Manuel Eberl (May 19 2022 at 11:58):In principle, Sturm should be able to prove anything of the form ∀x∈{a..b}. p(x) ≤ q(x) and the same if you replace any of the ≤ with <.
Manuel Eberl (May 19 2022 at 11:59):Now if my implementation is complete, that is a different question… that was done a very long time ago and nobody ever really used it much (I think Larry uses it at some point)
Lukas Stevens (May 19 2022 at 11:59):I mean would it help to have something like this: https://arxiv.org/abs/cs/0601134
Lukas Stevens (May 19 2022 at 11:59):You proposed this as reading material at some point, right?
Manuel Eberl (May 19 2022 at 11:59):But yeah Sturm's theorem should be complete for the universal case
Manuel Eberl (May 19 2022 at 12:00):univariate CAD should be complete for universal and existential (I think Wenda did something like this at some point, but I cannot find it in the AFP)
Manuel Eberl (May 19 2022 at 12:00):then there's multivariate CAD of course, which is an entirely different beast (but also complete)
Manuel Eberl (May 19 2022 at 12:00):Lukas Stevens said:
You proposed this as reading material at some point, right?

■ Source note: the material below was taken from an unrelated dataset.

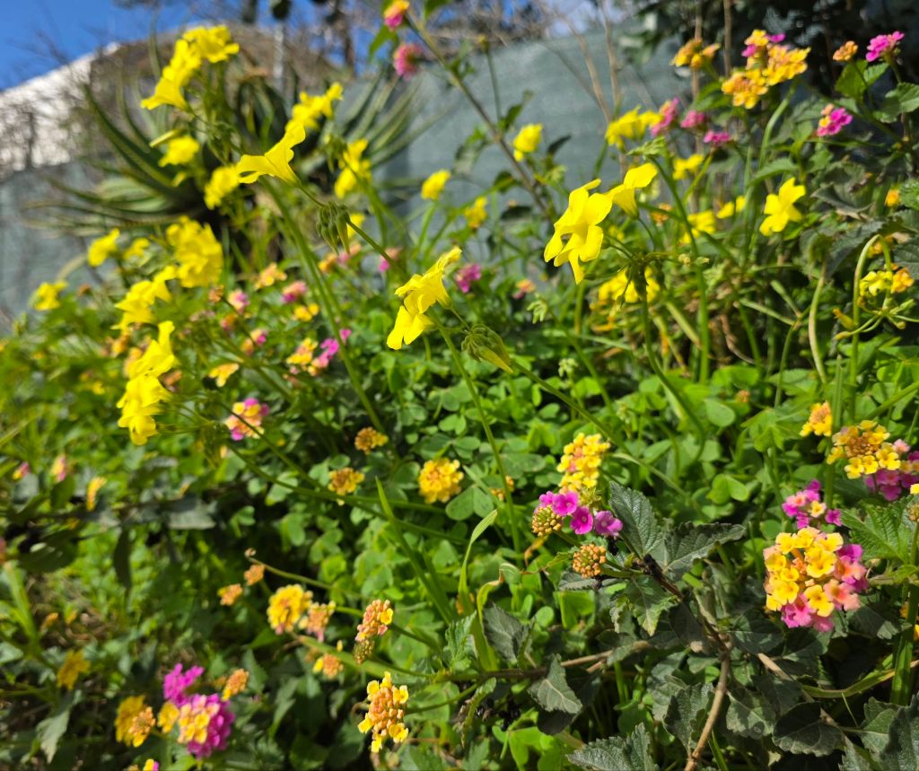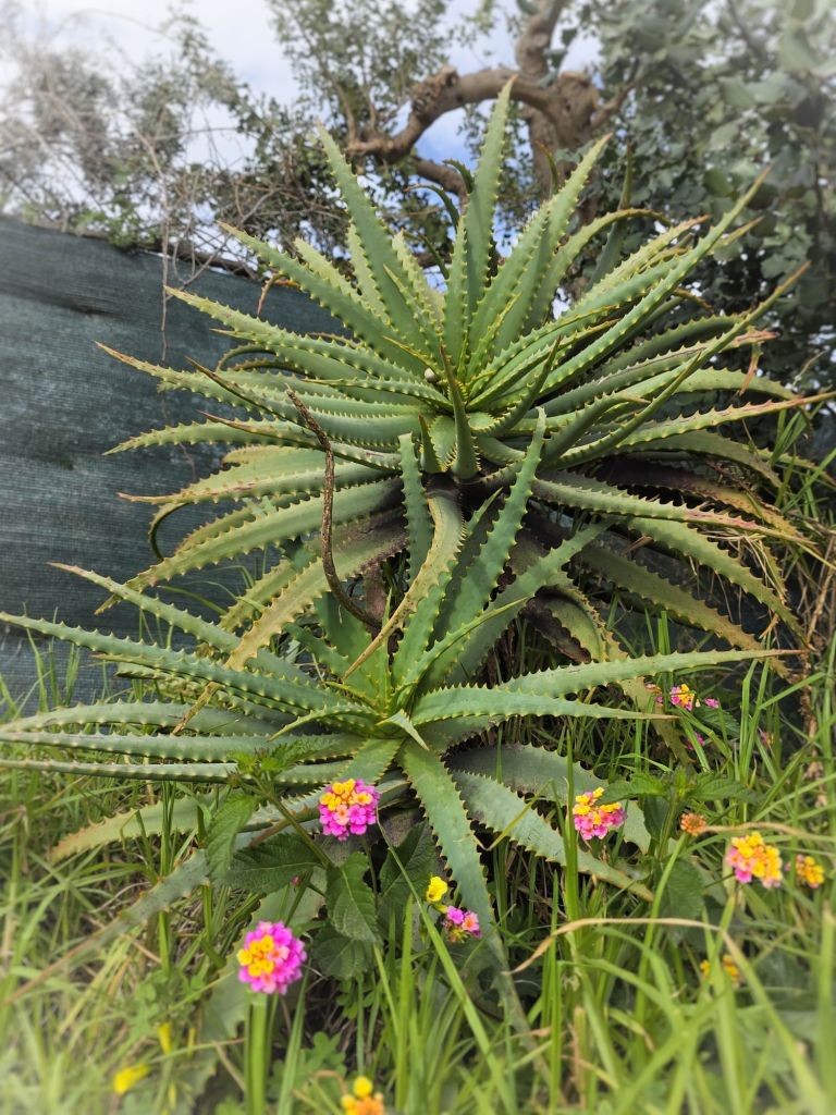 Här en plantering av något som kan vara kronärtskockor, kål eller någon beta, jag kan inte avgöra närmre av att bara se bladen.

I don't think that was me.
Manuel Eberl (May 19 2022 at 12:03):Okay I must be missing something
Manuel Eberl (May 19 2022 at 12:03):Why isn't exactly Tarski arithmetic?
Manuel Eberl (May 19 2022 at 12:05):Ah, probably because you can also have additional functions
Manuel Eberl (May 19 2022 at 12:05):I see
Manuel Eberl (May 19 2022 at 12:07):I'm not sure how practically useful this procedure is. For instance, it seems that it cannot do distributivity, which means it won't be able to do your example above either.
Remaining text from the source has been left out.